La Regione minaccia lo stop di ascensori e acqua se il Comune non ritirerà subito i pignoramenti contro l’Ater

Sui 560 milioni di Ici non pagata dall’Ater al Comune di Roma si è scatenata una «guerra tra poveri» che ora rischia di creare seri problemi agli oltre 170mila inquilini delle case popolari. Il perché è presto detto: durante la gestione commissariale, il Campidoglio ha dato il via a una serie di pignoramenti che adesso, a detta dell’assessore regionale alla Casa Mario Di Carlo, rischiano di bloccare perfino la manutenzione ordinaria, a cominciare dagli ascensori. Ecco perché scrive all’assessore capitolino al Bilancio Enzo Castiglione per chiedergli di ritirare i provvedimenti esecutivi sui conti correnti dell’Ater. «Siamo pronti a offrire tutte le garanzie necessarie affinché il comune di Roma si senta tutelato per i crediti che ritiene di vantare dall’Ater di Roma, ma è indispensabile rimuovere subito il pignoramento dei conti correnti dell’Ente per non essere costretti a interrompere la manutenzione agli stabili dal 1° luglio». In caso contrario, ammonisce Di Carlo, «già dai prossimi giorni verranno affissi presso gli stabili dell’Ater i cartelli attraverso i quali gli abitanti verranno informati che dal 1° luglio sarà sospesa qualsiasi manutenzione agli impianti». «Siamo molto preoccupati per gli effetti che la sospensione della manutenzione di ascensori e pompe di sollevamento dell’acqua potranno determinare ai 175mila abitanti dei 53mila appartamenti dell’Ater - spiega Di Carlo - soprattutto in un periodo di elevate temperature che già influiscono negativamente sulla salute delle persone, in particolare gli anziani. Non garantire la manutenzione vuol dire fermare gli ascensori».
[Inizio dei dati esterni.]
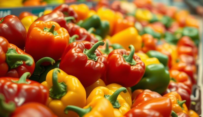 Me: (pointing to the colourful vegetables) Ru, look at these, red paprika, green paprika, orange paprika and yellow paprika.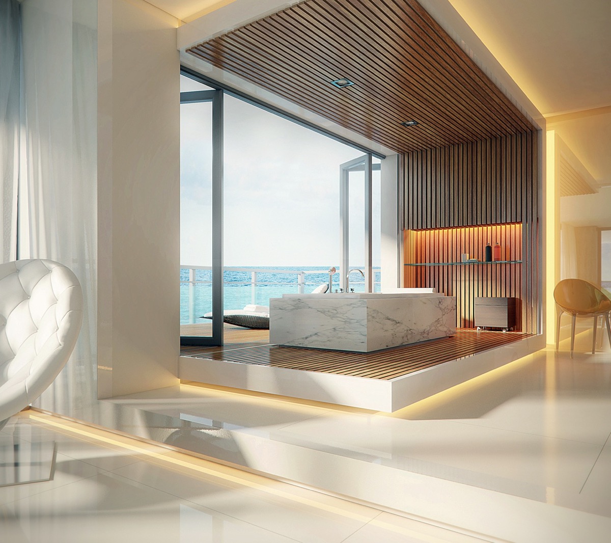 氣候溫暖的主浴室可以與戶外無縫連接……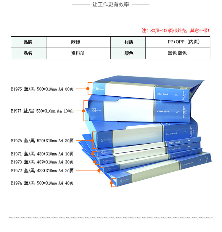 商品名称:欧标(MATE-1ST)B1975 资料册60页 插页文件夹A4 人事档案夹 500*310mm 蓝色(单位:个)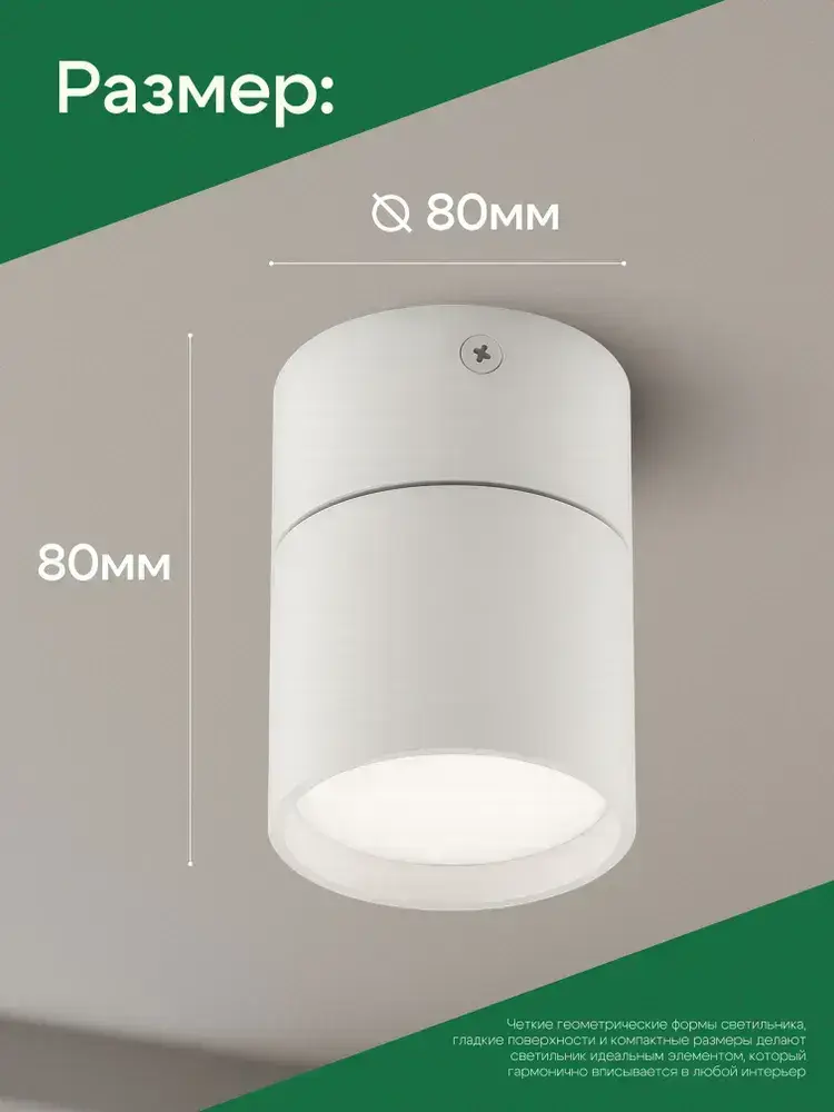 Светильник потолочный точечный накладной цилиндр спот поворотный белый под лампу GX53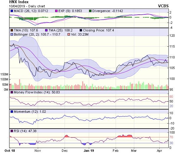 Trong trường hợp, chỉ số không giữ được trên vùng hỗ trợ 107 điểm (MA50), thì ngưỡng 105.4 điểm (MA100) có thể là ngưỡng hỗ trợ tiếp theo.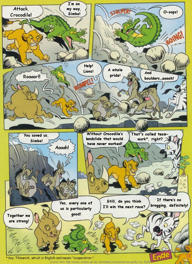 I found a couple of German TLK comics on http://simbas-pri.de which haven't been translated into English yet. Armed with nothing but a very minimal knowledge of German and Google Translator, I decided to take on the job of translating them for the English-speaking fandom myself.
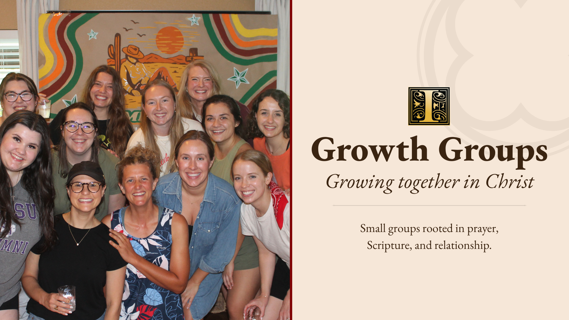 Growth Groups are Incarnation’s home-based small groups where you can connect socially and spiritually, meet people from across the church, and grow together through prayer, study, and relationships. Groups meet twice a month on weeknights (with options nearly every night of the week), and most will begin in mid-August 2025. You can note your preferred nights when you register.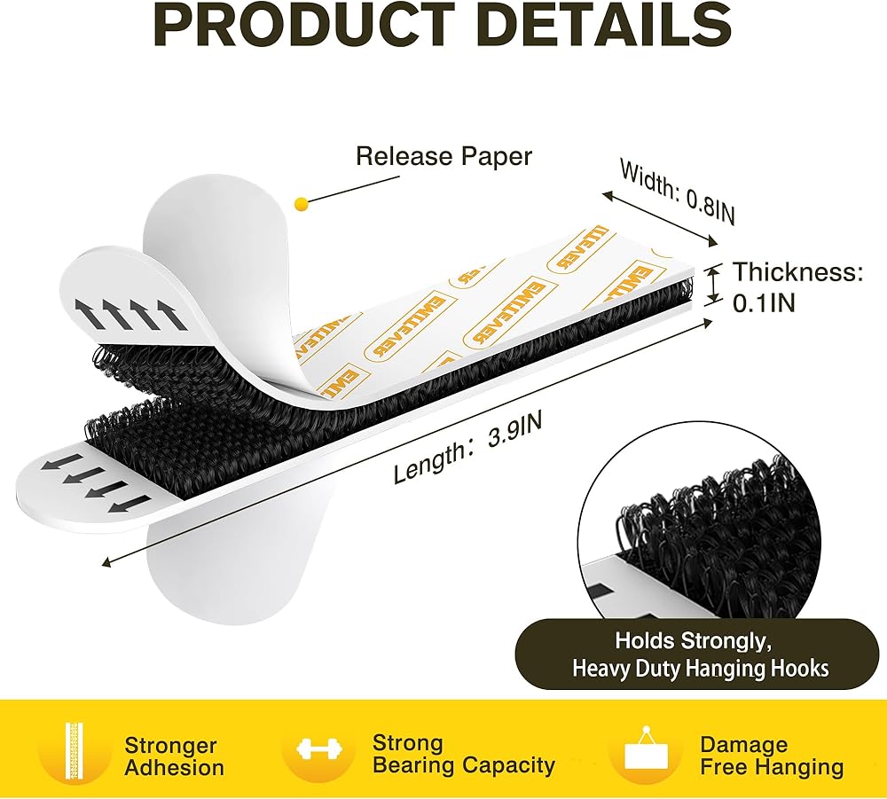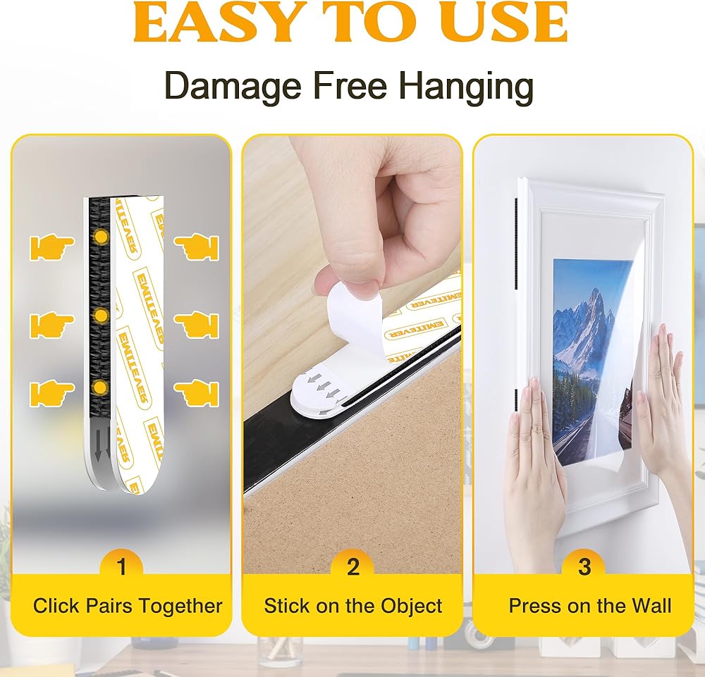 【يزيل بشكل نظيف وسريع】: لإزالة شرائط الحائط المعلقة اللاصقة، ما عليك سوى الضغط على الجزء العلوي من الشريط القابل للإزالة، بالتوازي مع الجدار، واسحبه ببطء ومستقيم نحو الأرض. شرائط التعليق الجدارية من EMITEVER لا تترك أي مادة لاصقة خلفها. مناسبة لديكور مسكنك وشقتك ومنزلك ومكتبك.

L’«avvertimento», però, viene rispedito al mittente dal consigliere comunale del Pdl Andrea De Priamo: «Ci chiediamo se il centrosinistra voglia creare confusione allarmando gli inquilini e tentando di attribuire le responsabilità di quest’emergenza all’attuale amministrazione comunale. Se dovessero essere bloccati i servizi primari la responsabilità sarebbe solo di chi negli ultimi anni non è riuscito a risanare l’ azienda».